## DATA EXCERPT
---
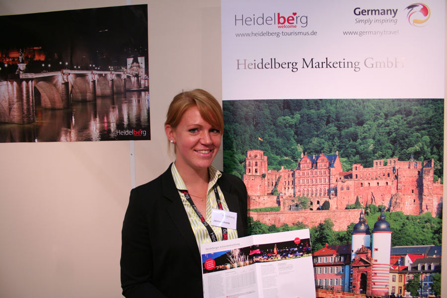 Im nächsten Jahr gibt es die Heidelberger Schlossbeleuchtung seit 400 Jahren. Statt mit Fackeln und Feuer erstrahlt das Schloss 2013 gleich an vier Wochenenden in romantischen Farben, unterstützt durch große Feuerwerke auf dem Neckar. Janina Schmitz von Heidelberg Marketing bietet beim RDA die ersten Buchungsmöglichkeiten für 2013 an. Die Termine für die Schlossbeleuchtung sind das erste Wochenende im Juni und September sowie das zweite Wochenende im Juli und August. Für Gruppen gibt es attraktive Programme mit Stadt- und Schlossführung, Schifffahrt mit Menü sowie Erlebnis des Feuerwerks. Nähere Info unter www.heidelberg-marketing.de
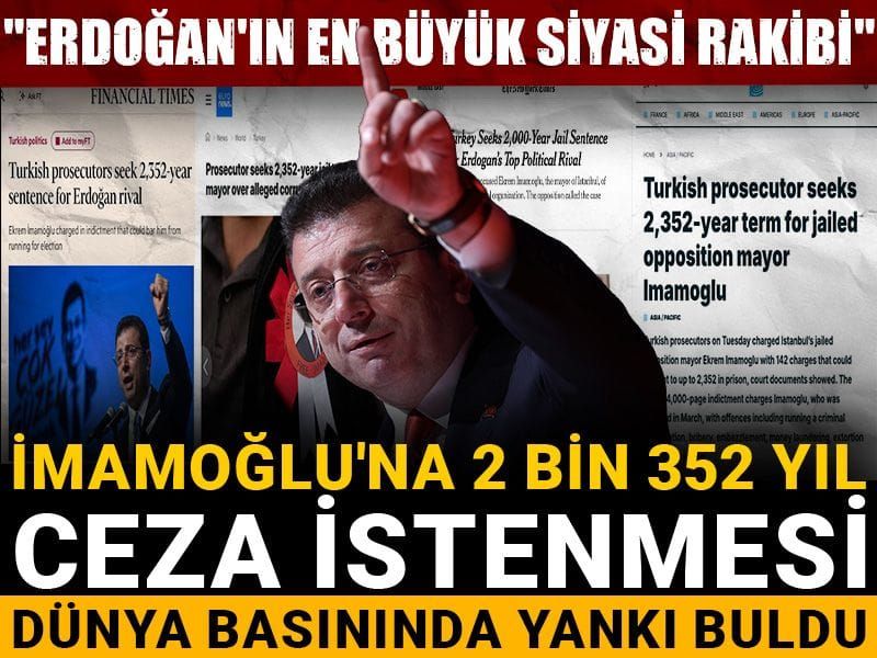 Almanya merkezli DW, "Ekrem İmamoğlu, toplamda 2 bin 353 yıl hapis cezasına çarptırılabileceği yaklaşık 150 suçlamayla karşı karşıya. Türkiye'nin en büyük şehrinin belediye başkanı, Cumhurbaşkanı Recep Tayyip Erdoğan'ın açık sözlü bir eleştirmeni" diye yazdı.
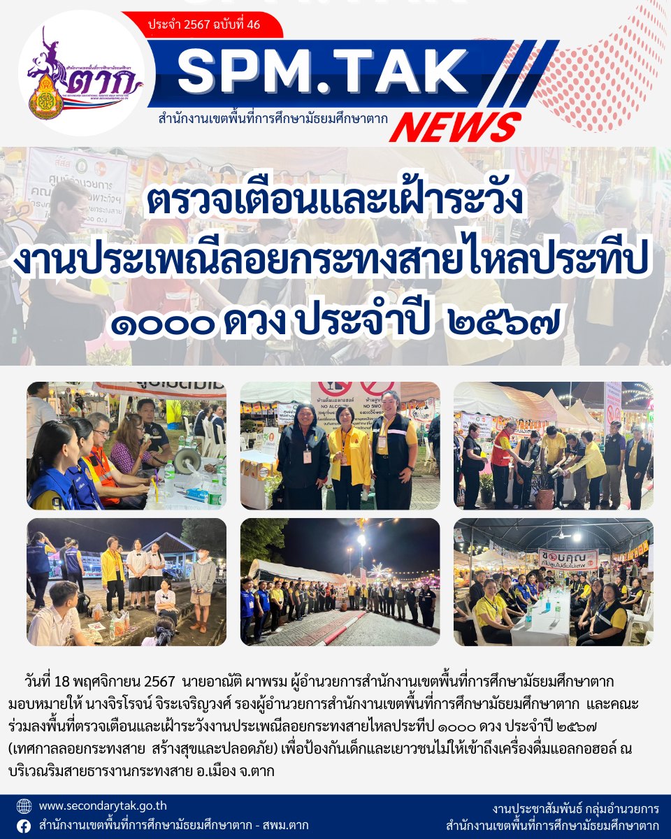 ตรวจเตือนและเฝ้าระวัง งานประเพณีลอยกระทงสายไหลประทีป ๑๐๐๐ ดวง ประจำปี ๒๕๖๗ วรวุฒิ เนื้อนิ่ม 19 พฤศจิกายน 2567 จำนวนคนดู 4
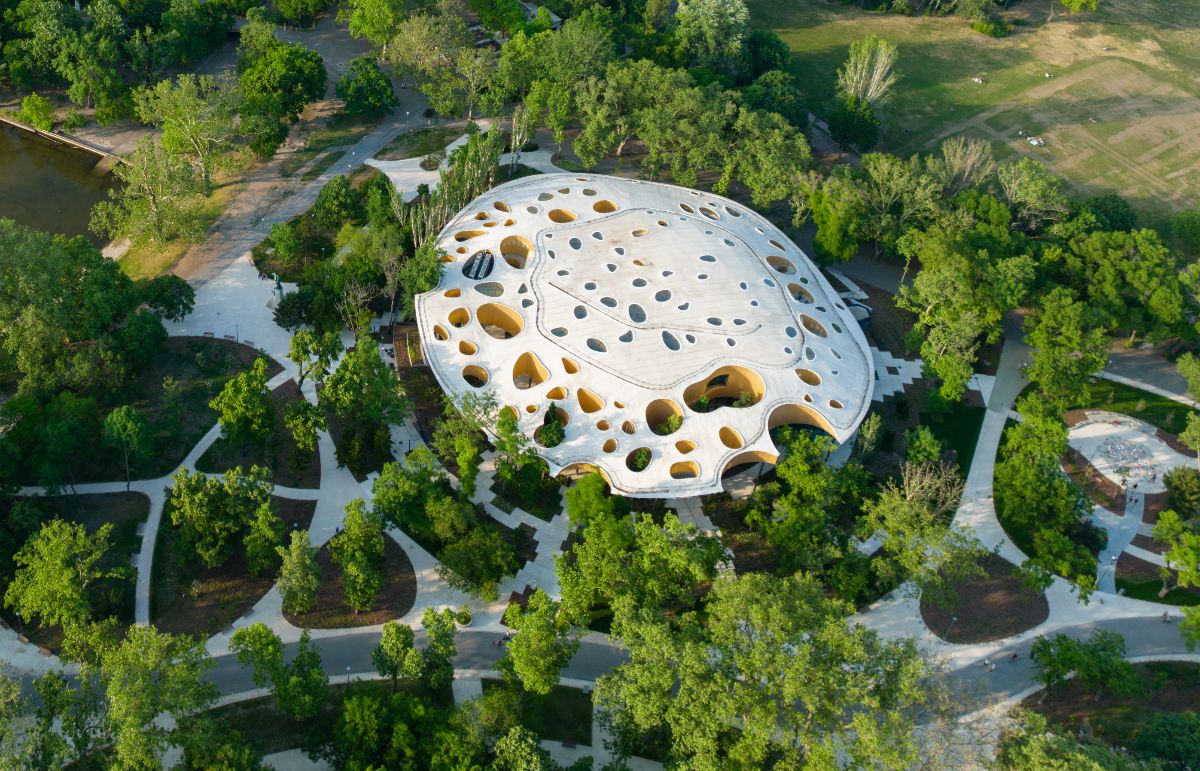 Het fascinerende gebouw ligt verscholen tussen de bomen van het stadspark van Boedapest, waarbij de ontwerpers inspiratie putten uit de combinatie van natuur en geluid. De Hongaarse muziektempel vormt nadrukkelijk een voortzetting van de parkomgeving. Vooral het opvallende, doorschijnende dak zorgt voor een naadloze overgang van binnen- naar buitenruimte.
---
Provide a precise transcription of the listing, excluding each picture.

 Im nächsten Jahr gibt es die Heidelberger Schlossbeleuchtung seit 400 Jahren. Statt mit Fackeln und Feuer erstrahlt das Schloss 2013 gleich an vier Wochenenden in romantischen Farben, unterstützt durch große Feuerwerke auf dem Neckar. Janina Schmitz von Heidelberg Marketing bietet beim RDA die ersten Buchungsmöglichkeiten für 2013 an. Die Termine für die Schlossbeleuchtung sind das erste Wochenende im Juni und September sowie das zweite Wochenende im Juli und August. Für Gruppen gibt es attraktive Programme mit Stadt- und Schlossführung, Schifffahrt mit Menü sowie Erlebnis des Feuerwerks. Nähere Info unter www.heidelberg-marketing.de
 Almanya merkezli DW, "Ekrem İmamoğlu, toplamda 2 bin 353 yıl hapis cezasına çarptırılabileceği yaklaşık 150 suçlamayla karşı karşıya. Türkiye'nin en büyük şehrinin belediye başkanı, Cumhurbaşkanı Recep Tayyip Erdoğan'ın açık sözlü bir eleştirmeni" diye yazdı.
 ตรวจเตือนและเฝ้าระวัง งานประเพณีลอยกระทงสายไหลประทีป ๑๐๐๐ ดวง ประจำปี ๒๕๖๗ วรวุฒิ เนื้อนิ่ม 19 พฤศจิกายน 2567 จำนวนคนดู 4
 Het fascinerende gebouw ligt verscholen tussen de bomen van het stadspark van Boedapest, waarbij de ontwerpers inspiratie putten uit de combinatie van natuur en geluid. De Hongaarse muziektempel vormt nadrukkelijk een voortzetting van de parkomgeving. Vooral het opvallende, doorschijnende dak zorgt voor een naadloze overgang van binnen- naar buitenruimte.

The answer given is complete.